Now, I’m very aware that one does not normally discuss such matters, ie how one might come to be smelling of wee, whether it’s your own or someone else’s. And anyone who knows me would be shocked to hear that I even knew the word "wee" as I apparently give the impression of living in a Disney world devoid of such unpleasantness. But I’ve decided to talk about that evening. Perhaps it will achieve closure for me; perhaps as a cautionary tale, it will help warn you of a danger or assist someone who one day finds him or herself in a similar situation. Perhaps it will make The Loathesome Evil Tube Woman feel guilty if she comes across this, though I doubt she will. Probably no one will read this, so I’ll vent away….
One evening, I travelled into London with a copy of Jeremy Paxman’s new book Empire: What Ruling the World Did to the British, as he was giving a talk on the subject at the Royal Geographical Society, followed no doubt by a book signing. I arrived at Cannon Street rail station and went down to the District line platform to head to South Kensington, and a train arrived immediately as usual (I am blessed with some magnetic pull with Tube trains; they come when I reach the platform, my one lucky trait). I stood by the door to let the passengers off the train first, which naturally wouldn’t have occurred to me without an announcement to that effect, and I watched as a girl in her late 20s stood up from a single seat on its own nearly opposite the door, the lone priority seat that should be vacated for elderly and disabled people. She got off the train, and I took her seat as there were no elderly or disabled people vying for it.
Now, I have a strange affliction whereby I frequently sit on a bus or train seat and believe that it feels wet. I’ve spent many a time leaping up, putting my hand on the seat, realising that it’s not damp at all, and sheepishly sitting down again, feeling rather puzzled and no doubt looking very odd to my fellow passengers. So I have finally come to accept that this is some sort of crossed sensor-wiring in my system, and have just recently started to ignore that sensation, the way a dog learns that that other dog in the mirror isn’t really there. The seat really never is wet. It never is.
So when I took this seat and was surprised by how warm it felt, I fought and proudly overcame my usual thoughts about a damp sensation and put the warmth down to the cosiness of this single seat set-up, the fact that it had just been vacated by a warm human being, and the comparative cold outside, particularly as I had been carrying rather than wearing my coat since it was a short walk from the rail station to the Underground. That sensation was always my imagination, so I got on with reading for the 20-minute journey.
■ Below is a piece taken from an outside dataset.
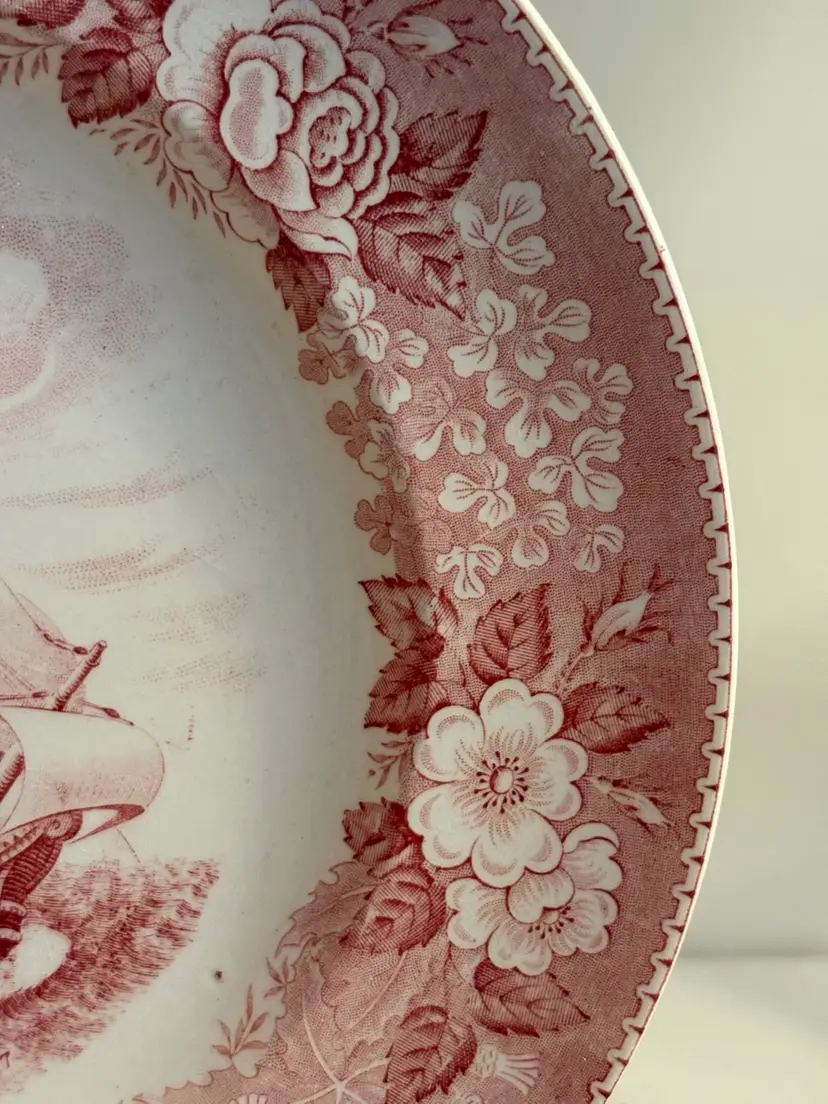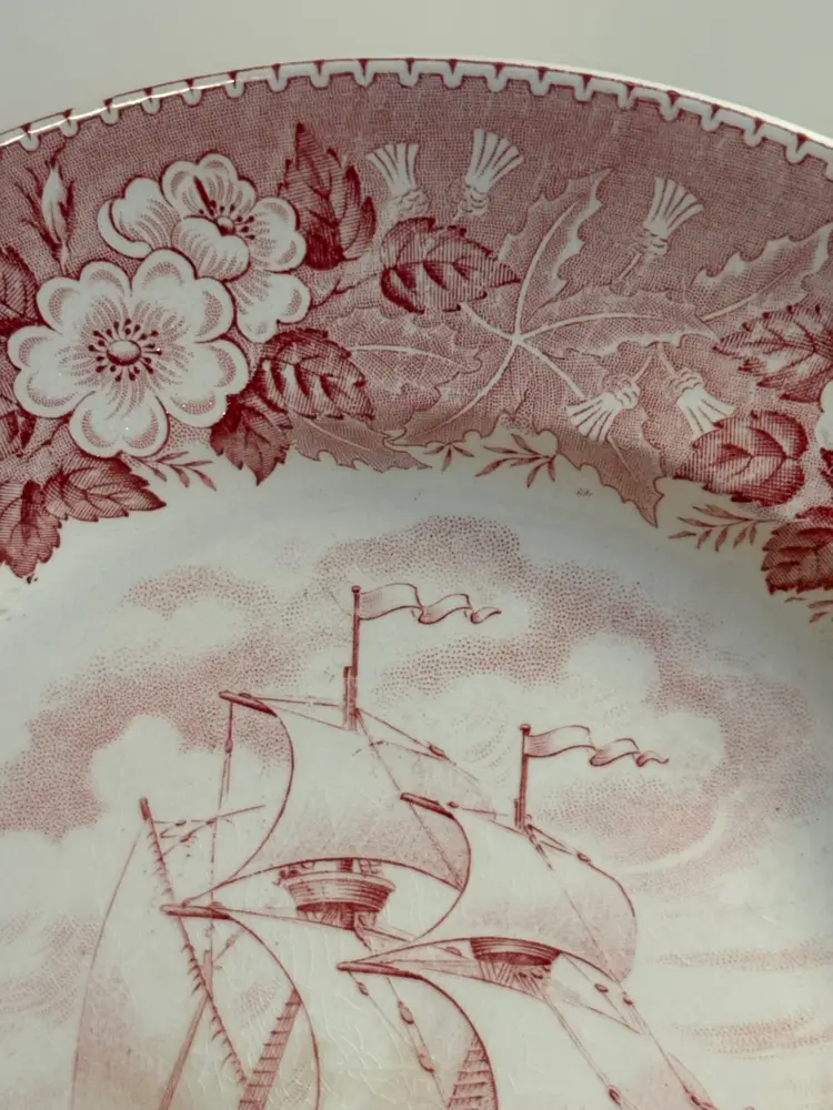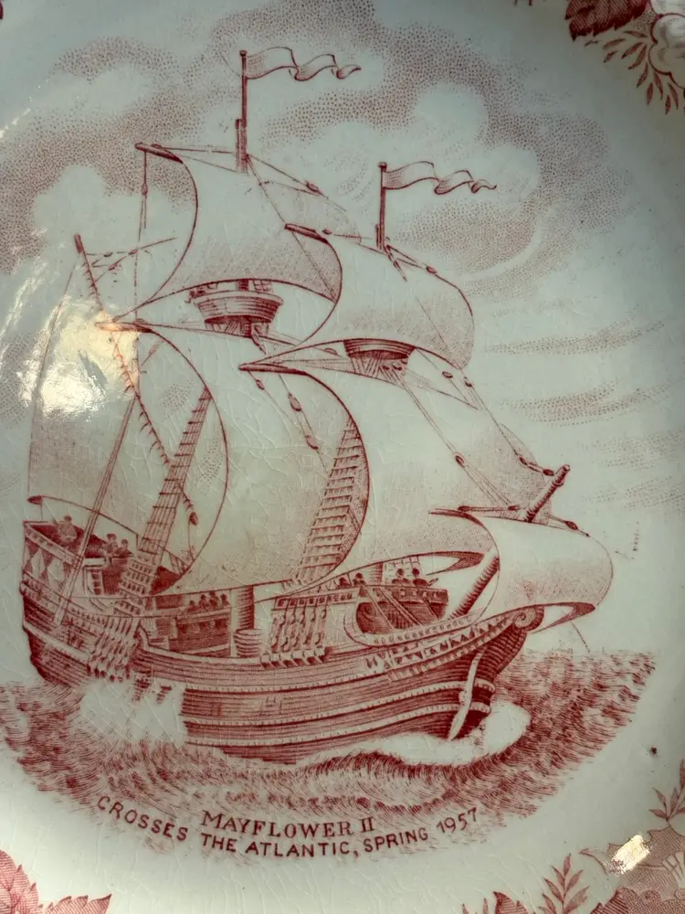 Pattern/Design: Features a red/pink transferware print of the Mayflower II ship in the center, surrounded by a detailed floral rim.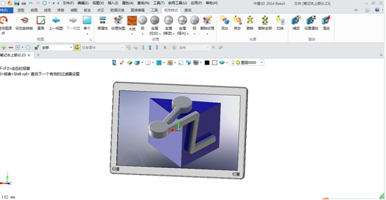 此时,笔记本底部已基本完成建模,大家可以参照图纸中给出的提示完成具体工作。另外,我们可以添加有立体感的装饰,在笔记本屏幕上贴图,这可使笔记本的外观更漂亮一点。选择视觉样式中的纹理贴图命令,xelega3D会自动跳出图片文件选择窗口,你可根据自己喜好选择图片,然后设置好图片、长度、宽度和位置等,使其占满整个屏幕。完成后的效果如下图所示为:

At South Kensington, I stood up to disembark and, much to my utter horror, felt inarguably that my skirt was wet. Not an imagined wet, but absolutely soaked through, as were my tights underneath and, from what I could tell, the layer beneath that. Ugh!!! This time, when I belatedly put my hand down on the seat, I did not find the seat to be dry. It was indeed a warm, wet seat. As was my own. Disgusting.
I immediately felt an unbearable humiliation. I clearly looked as though I had wet myself, and I was about to walk through a crowded station up a crowded road to join a crowd at an event, with people walking behind me who could see my giant wet stain on my skirt, and then I’d have to, in a sense, soil the previously pristine seat at the RGS when I sat my vile urine-soaked self down on it for an hour or more.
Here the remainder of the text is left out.